Оба видеофильма ценны зафиксированными свидетельствами. Но ценность проведенной работы была бы существенно выше, если бы полнометражные записи рассказов стариков были выложены в онлайн-архив, подобно тому как в Мемориальном музее Холокоста представлены 200 часов видеоматериалов, отснятых для фильма «Шоа» Клода Ланцмана (1985).

Отсутствие языка для описания истории депортации — не только научная, но и социальная проблема, которая стала очевидной на вечере памяти «Душа моя жестоко ранена», состоявшемся 22 декабря 2018 г. в Калмыцкой этнокультурной гимназии в Элисте и запись которого также размещена на YouTube [Вечер памяти 2018]. Мероприятие, посвященное 75-летию со дня депортации калмыцкого народа, было организовано учащимися 8-х классов. Вначале школьники демонстрировали свои работы в рамках проекта «История моей семьи в истории моего народа», затем выступали приглашенные гости. Кульминацией мероприятия стало выступление заслуженной артистки РК Гиляны Убушиевой, которая прочитала стихотворение поэта Василия Шакуева «Исповедь каторжанки».

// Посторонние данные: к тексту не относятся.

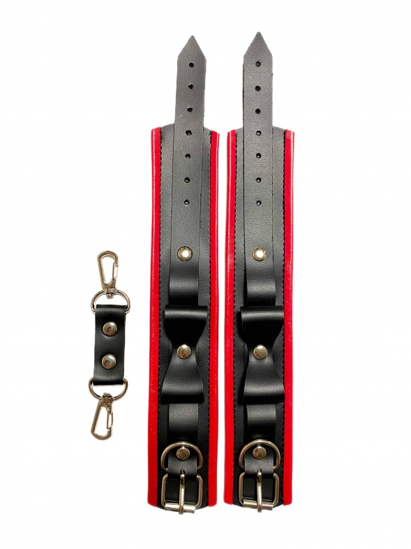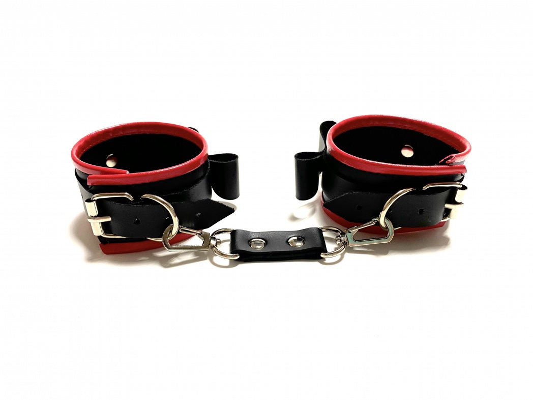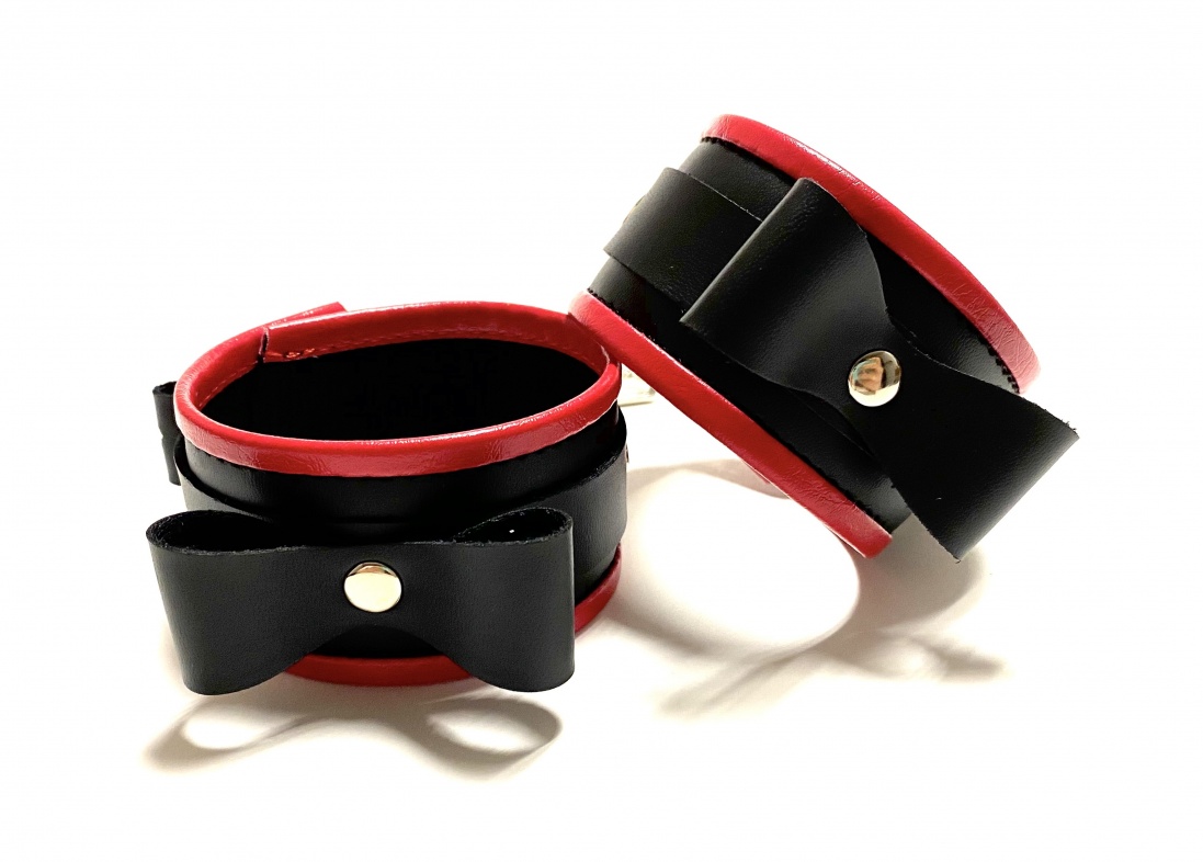 Красивые и функциональные наручники, выполненные из искусственной кожи. Декорированы металлической фурнитурой, лаковыми бантиками и красными вставками по краям. Обхват удобно регулируется с помощью пряжек. Ширина наручников 4,5см, общая длина наручника вместе с ремешком 30см. В комплекте идет соединение с карабинами, общая длина соединения 11см. Очень экономичный, экологичный и практически незаменимый аксессуар для вашей любовной игры! Материал: эко-кожа, металл Цвет: черный, красный
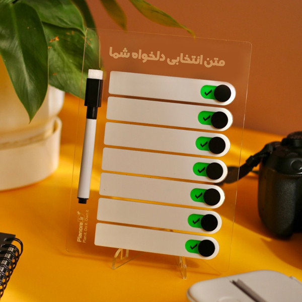 نوتیک یک ابزار کاربردی برای برنامهریزی روزانه و مدیریت روتینها است که با طراحی مینیمال و ساختار مقاوم از جنس پلکسی تولید شده است. این محصول دارای ۷ جای خالی برای ثبت کارها و تیکهای مکانیکی واقعی است که تجربهای ملموس از پیشرفت و انجام کارها را ایجاد میکند. امکان نوشتن با ماژیک وایتبرد قابلپاک شدن، استفادهی چندباره و نصب در موقعیتهای مختلف، نوتیک را به انتخابی کارآمد برای خانه و محل کار تبدیل کرده است. برای حفاظت از سطوح فلزی، پشت مگنتها محافظ ضدخش شفاف نصب شده تا هنگام استفاده روی یخچال یا سطوح مشابه، آسیبی ایجاد نشود. این محصول همراه با پایه رومیزی پلکسی شفاف ارائه میشود تا علاوه بر نصب مگنتی یا دیواری، قابلیت استفاده روی میز کار یا میز مطالعه نیز فراهم باشد.
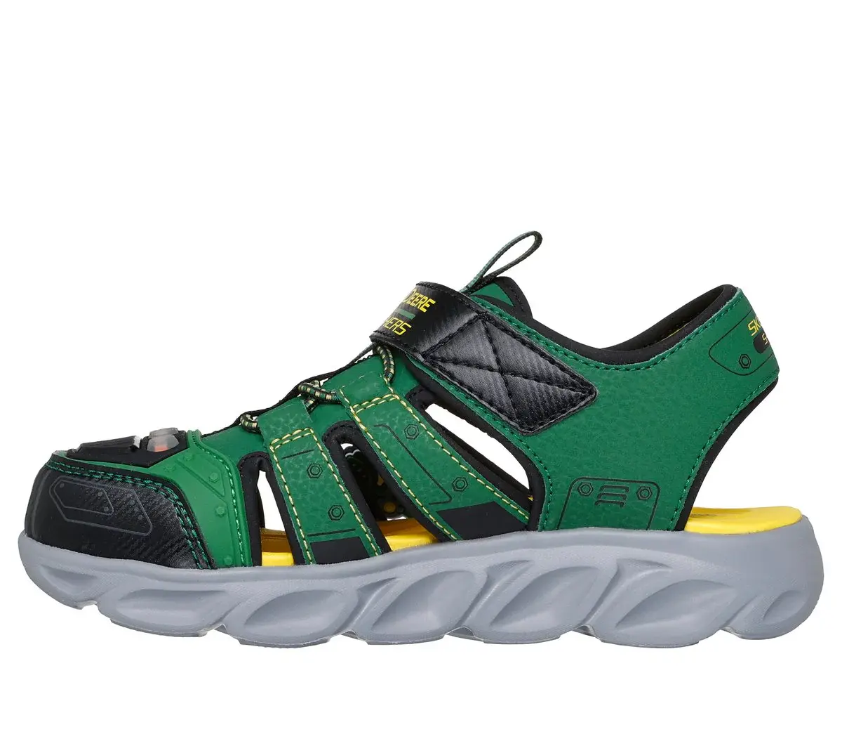Get ready for sunny-weather adventures wearing Skechers Foamies® x John Deere: Hypno-Splash. This lighted fisherman sandal features a synthetic upper with a tractor themed design and matching charm, Skechers adaptive closure, and a contoured cushioned footbed.
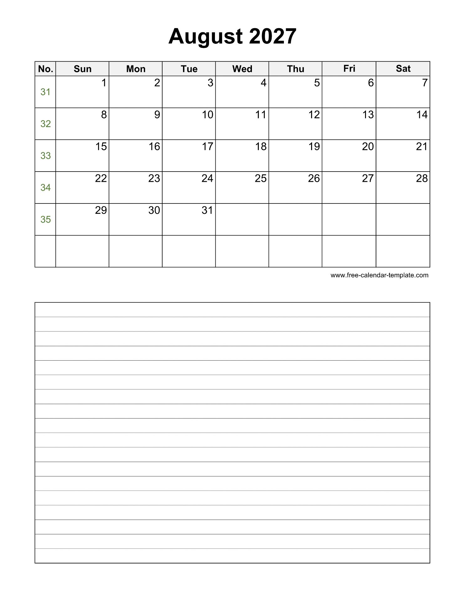 Free 2027 Calendar (Blank August Template)

Сюжет стихотворения — рассказ калмычки, который она произносит с того света, — о том, как она, вдова солдата, погибшего под Москвой, с тремя детьми оказалась «в деревне Енисейские дали» и на лесоповале попала под упавшее дерево. Женщина рассказывает, как ее привезли домой и она успела дать последние распоряжения детям. В конце стихотворения героиня проклинает Сталина и его «волчий указ», заканчивая свой монолог пожеланием всем людям:

Молюсь за вас, мои родные люди!

Желаю счастья, мира и труда!

Страданий наших пусть у вас не будет

На белом свете больше никогда!

[Шакуев 2018]

Видно, что героиня, 29-летняя женщина, выросшая при советской власти, вполне впитала советскую риторику и объединяет в своем монологе повествование о своей смерти, первомайские лозунги, молитву, проклятия виновным (калм. хоралы) и благопожелания (калм. йоряли).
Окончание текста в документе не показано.